Every line of the data below is to be given again as it appears, with the images removed.

Source data
=== Begin Enclosure ===

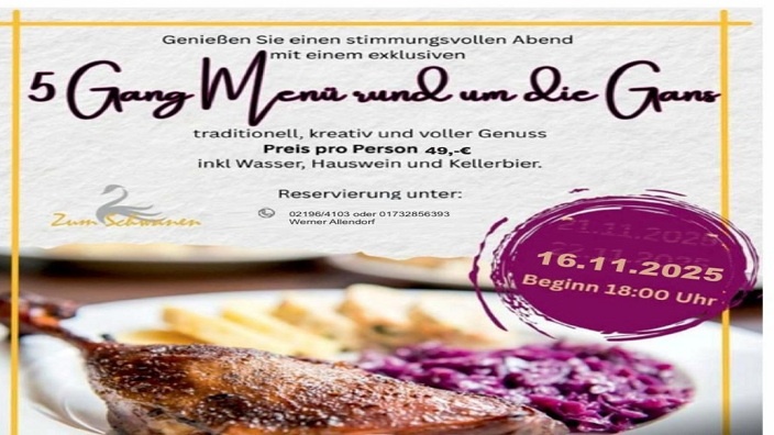 30.09.2025 Senioren-Union Wermelskirchen: Menü rund um die Gans Die Senioren-Union Wermelskirchen lädt am 16. November 2025 um 18:00 Uhr zum traditionellen "Menü rund um die Gans" ins Restaurant "Zum Schwanen"...
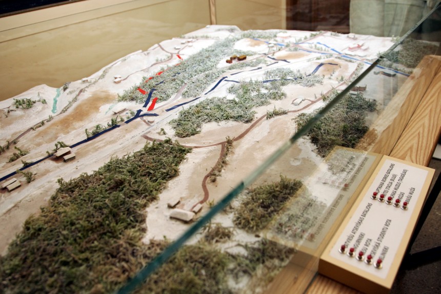 "Tas ir shematisks makets, kurā ar bultām norādīti kauju virzieni, ar gaismas diodēm atzīmētas konkrētas vietas, piemēram, mājas. Makets rada pārskatu, sapratni par konkrēto kauju, jo daudziem nav zināšanu, kā un kāpēc ir karojis O. Kalpaks," Neatkarīgajai stāsta R. Valters.
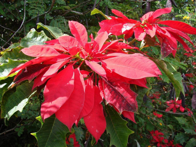 Пуансеттия – «Вифлеемская звезда»: Это изысканное растение с яркими прицветниками, ставшее символом Рождества в англоговорящих странах.
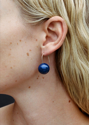 Sophie Buhai earrings handcrafted with a bold spherical lapis stud and sterling silver hook.

=== End Enclosure ===

Written response
 30.09.2025 Senioren-Union Wermelskirchen: Menü rund um die Gans Die Senioren-Union Wermelskirchen lädt am 16. November 2025 um 18:00 Uhr zum traditionellen "Menü rund um die Gans" ins Restaurant "Zum Schwanen"...
 "Tas ir shematisks makets, kurā ar bultām norādīti kauju virzieni, ar gaismas diodēm atzīmētas konkrētas vietas, piemēram, mājas. Makets rada pārskatu, sapratni par konkrēto kauju, jo daudziem nav zināšanu, kā un kāpēc ir karojis O. Kalpaks," Neatkarīgajai stāsta R. Valters.
 Пуансеттия – «Вифлеемская звезда»: Это изысканное растение с яркими прицветниками, ставшее символом Рождества в англоговорящих странах.
 Sophie Buhai earrings handcrafted with a bold spherical lapis stud and sterling silver hook.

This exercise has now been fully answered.